227. The method of claim 225, wherein the alpha-PKC inhibitor is at least one selected from the group consisting of a peptide having the amino acid sequence shown in SEQ ID NO: 2, SEQ ID NO: 3, SEQ ID NO: 4, SEQ ID NO: 5, SEQ ID NO: 6, SEQ ID NO: 7, SEQ ID NO: 8, SEQ ID NO: 9, SEQ ID NO: 10, SEQ ID NO: 11, SEQ ID NO: 12, SEQ ID NO: 13, SEQ ID NO: 14, SEQ ID NO: 15, SEQ ID NO: 16, SEQ ID NO: 17, SEQ ID NO: 18, SEQ ID NO: 19, SEQ ID NO: 20, SEQ ID NO: 21, SEQ ID NO: 22, SEQ ID NO: 23, SEQ ID NO: 24, SEQ ID NO: 26, SEQ ID NO: 27, SEQ ID NO: 28, SEQ ID NO: 29, SEQ ID NO: 30, SEQ ID NO: 31, SEQ ID NO: 32, SEQ ID NO: 33, SEQ ID NO: 34, SEQ ID NO: 35, SEQ ID NO: 36, SEQ ID NO: 37, SEQ ID NO: 38, SEQ ID NO: 39, SEQ ID NO: 40, SEQ ID NO: 41, SEQ ID NO: 42, SEQ ID NO: 43, SEQ ID NO: 44, SEQ ID NO: 45, SEQ ID NO: 46, SEQ ID NO: 47, SEQ ID NO: 48, SEQ ID NO: 49, SEQ ID NO: 50, SEQ ID NO: 51, SEQ ID NO: 52, SEQ ID NO: 53, SEQ ID NO: 54, and SEQ ID NO: 55.

228. The method of claim 225, wherein the alpha-PKC inhibitor is a peptide consisting of the amino acid sequence shown in SEQ ID NO: 25 which has a myristoylated amino acid residue at its amino terminus and is amidated at its carboxy terminus.
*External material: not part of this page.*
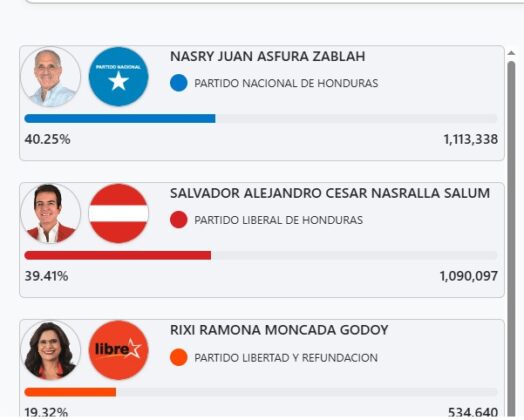 En el momento en que se produjo la transmisión, Salvador Nasralla lideraba el conteo con 1,066,319 votos. Mientras, Nasry Asfura se encontraba detrás con 1,065,646, lo que representaba una diferencia de solo 673 votos.

229. The method of claim 225, wherein the alpha-PKC inhibitor is a peptide consisting of the amino acid sequence shown in SEQ ID NO: 1 which has a myristoylated amino acid residue at its amino terminus.
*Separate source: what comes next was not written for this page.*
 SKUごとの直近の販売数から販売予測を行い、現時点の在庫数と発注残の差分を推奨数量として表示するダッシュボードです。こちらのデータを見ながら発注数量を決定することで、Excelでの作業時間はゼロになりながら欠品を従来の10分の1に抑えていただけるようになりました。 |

230. The method of claim 225, wherein the pharmaceutical composition comprises about 1 μM to about 100 μM of the peptide.

231. The method of claim 230, wherein the pharmaceutical composition comprises 1 μM of the peptide.

232. The method of claim 223, wherein the pharmaceutically acceptable carrier that is free of Ca²⁺ and Mg²⁺ cations is an aqueous carrier comprising 0.2 g/L KCl, 0.2 g/L anhydrous KH₂PO₄, 8 g/L NaCl, and 1.15 g/L anhydrous Na₂HPO₄.